We have previously investigated the ability of these catalysts to synthesise H₂O₂ under conditions optimised to promote H₂O₂ stability, namely the use of a methanol–water solvent system and sub-ambient temperature¹ (see Table S.3† for H₂O₂ synthesis and degradation under these conditions). Subsequently we have investigated the catalytic activity of these bi-metallic catalysts towards H₂O₂ degradation using a water/decan-1-ol solvent system, (Table S.4†) with the 5% AuPd/C catalyst demonstrating significantly lower rates of H₂O₂ degradation compared to oxide supported analogues, presumably due to the greater retention of the catalyst in the organic phase and decreased contact between catalyst and synthesised H₂O₂.

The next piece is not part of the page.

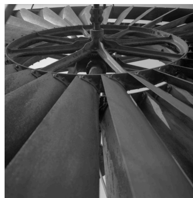
Détail de l'hélice à pales de l'éolienne.

We have previously reported that the 5% AuPd/C catalyst, offers a reasonably high activity towards H₂O₂ synthesis using a methanol–water co-solvent system under reaction conditions that are similar to those reported herein (98 mol_H2O2 kg_cat⁻¹ h⁻¹).³

We next investigated the efficacy of the 5% AuPd/C catalyst towards the direct synthesis of H₂O₂ in a range of straight chain alcohols (containing no aqueous co-solvent) as solvent (Table 1). Previous studies investigating the direct synthesis of H₂O₂ in short chain alcohol solvents have typically utilised acidic or halide promoters (or a combination thereof) to achieve high selectivity towards H₂O₂.^20,61 Under our reaction conditions, where no halide or acidic promoters are utilised, low concentrations of H₂O₂ were produced in all alcohols studied with H₂O₂ concentration decreasing with increasing carbon chain length, with this possibly resulting from a number of factors including (i) decreased O₂ solubility as a function of alcohol carbon-chain length,⁶² or (ii) increasing H₂O₂ degradation due to improved H₂ solubility.²⁴ The ability to produce H₂O₂ therefore strongly depends on the overall rate of mass transfer of gaseous reactants to the catalyst surface. Thus, the decreasing concentration of observed H₂O₂ is likely to be due to a mixture of both chemical and physical properties of the solvent such as higher viscosity and surface tension as the alcohol carbon chain length increases. A larger pressure drop of the reagent gases was also observed during reaction (Table S.5†), indicating increased solubility of reactant gases, although the possibility for increased solubility of the CO₂ diluent should not be ruled out, in keeping with observations by Francesconi et al.²⁴ and Wainwright et al.²⁵ who have shown that H₂ solubility in the C1–4 primary alcohol series increases with carbon chain length and therefore it is reasonable to expect H₂ to dissolve better in decan-1-ol rather than methanol.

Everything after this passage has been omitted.